De Sanger Methode wordt gebruikt om een doelsegment van DNA te amplificeren, zodat de DNA-sequentie nauwkeurig kan worden bepaald. De incorporatie van ddNTPs in de reactiekleppen wordt eenvoudigweg gebruikt om de synthese van een groeiende DNA-streng te beëindigen, wat resulteert in gedeeltelijk gerepliceerde DNA-fragmenten. Dit komt doordat DNA-polymerase de 3′ OH groep van de groeiende keten en de 5′ fosfaatgroep van het inkomende dNTP nodig heeft om een fosfodiesterbinding tot stand te brengen. Soms zal het DNA-polymerase een ddNTP opnemen en zal de afwezigheid van de 3′ OH-groep de condensatiereactie tussen het 5′ fosfaat (na de splitsing van pyrofosfaat) van het inkomende nucleotide en de 3′ hydroxylgroep van het vorige nucleotide op de groeiende streng onderbreken. Deze condensatiereactie zou normaliter plaatsvinden bij de opname van een niet-gemodificeerd dNTP door DNA-polymerase. In de eenvoudigste bewoordingen leidt de nucleofiele aanval van de 3′ OH groep tot de toevoeging van een nucleotide aan een groeiende keten. De afwezigheid van de 3′-hydroxylgroep verhindert deze nucleofiele aanval, waardoor de DNA-polymerase niet langer in staat is zijn functie uit te oefenen.

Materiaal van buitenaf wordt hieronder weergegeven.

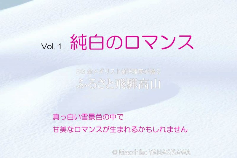 【 飛騨高山インターネット写真展開催のお知らせ 】 高山市制施行80周年の節目に、地元出身の写真家・柳沢雅彦は国際フォトコンテストPX3(Prix de la Photographie Paris)で金メダルを獲得いたしました。 それを記念して柳沢は、ふるさとへの愛と感謝の気持ちを込め国内外向けのインターネット写真展を1年間(2017年1月1日~12月31日)開催いたします。 ご存知のように高山市はミシュランガイドで京都、奈良とともに日本を代表する国際観光都市に選ばれました。 世界じゅうから観光客が訪れる飛騨高山の魅力を皆様どうぞお楽しみください。 In 2016, the 80th anniversary of the establishment of the municipality of Takayama City, Takayama-born photographer Masahiko Yanagisawa won the Gold Prize in Prix de la Photographie Paris (PX3). To celebrate the occasion, Yanagisawa will post photographs of Takayama City on the Internet for a year(from 1st of January 2017 to 31st of December) for viewing by people in Japan and around the world as a show of love and gratitude for his hometown. As you may know, Takayama City is named in the Michelin Guide as an international tourist destination like Kyoto and Nara. Hida Takayama welcomes international visitors and encourages them to discover the charms and attractions of the city. Vol.3 … People in snowy regions really look forward to the start of pink cherry blossom season.

Deze ontdekking leidde tot de toepasselijke naam “Chain-terminating nucleotides”. De dideoxyribonucleotiden hebben geen 3′ hydroxylgroep, zodat geen verdere ketenverlenging kan plaatsvinden zodra dit dideoxynucleotide zich op de keten bevindt. Dit kan leiden tot de beëindiging van de DNA-sequentie. Deze moleculen vormen dus de basis van de dideoxy-ketenbeëindigingsmethode voor DNA-sequencing, die in 1977 door Frederick Sanger en zijn team werd gerapporteerd als een uitbreiding van eerder werk. De aanpak van Sanger werd in 2001 beschreven als een van de twee fundamentele methodes om DNA-fragmenten te sequeneren (de andere is de Maxam-Gilbert methode), maar de Sanger methode is zowel de “meest gebruikte als de methode die door de meeste geautomatiseerde DNA-sequencers wordt gebruikt”. Sanger won zijn tweede Nobelprijs voor Scheikunde in 1980 en deelde deze met Walter Gilbert (“voor hun bijdragen aan de bepaling van basenvolgorden in nucleïnezuren”) en met Paul Berg (“voor zijn fundamentele studies van de biochemie van nucleïnezuren, met name met betrekking tot recombinant-DNA”), en besprak het gebruik van dideoxynucleotiden in zijn Nobellezing.
DNA-sequencingEdit
Dideoxynucleotiden zijn nuttig bij de sequencing van DNA in combinatie met elektroforese. Een DNA-monster dat een PCR (polymerasekettingreactie) ondergaat in een mengsel dat alle vier de deoxynucleotiden en één dideoxynucleotide bevat, zal strengen produceren met een lengte die gelijk is aan de positie van elke base van het type dat een aanvulling vormt op het type waarin een dideoxynucleotide aanwezig is. Het taq-polymerase dat in PCR wordt gebruikt, heeft een voorkeur voor het ddGNTP, een patroon dat in diverse onderzoeken is waargenomen. Dat wil zeggen dat elke nucleotide base van dat type een kans heeft om te worden gebonden aan niet een deoxynucleotide maar eerder een dideoxynucleotide, waardoor ketenverlenging wordt beëindigd. Als het monster dan elektroforese ondergaat, zal er een band aanwezig zijn voor elke lengte waarop het complement van het dideoxynucleotide aanwezig is. Het is nu gebruikelijk fluorescerende dideoxynucleotiden te gebruiken, zodat elk van de vier een verschillende fluorescentie heeft die door een sequencer kan worden gedetecteerd; er is dus maar één reactie nodig.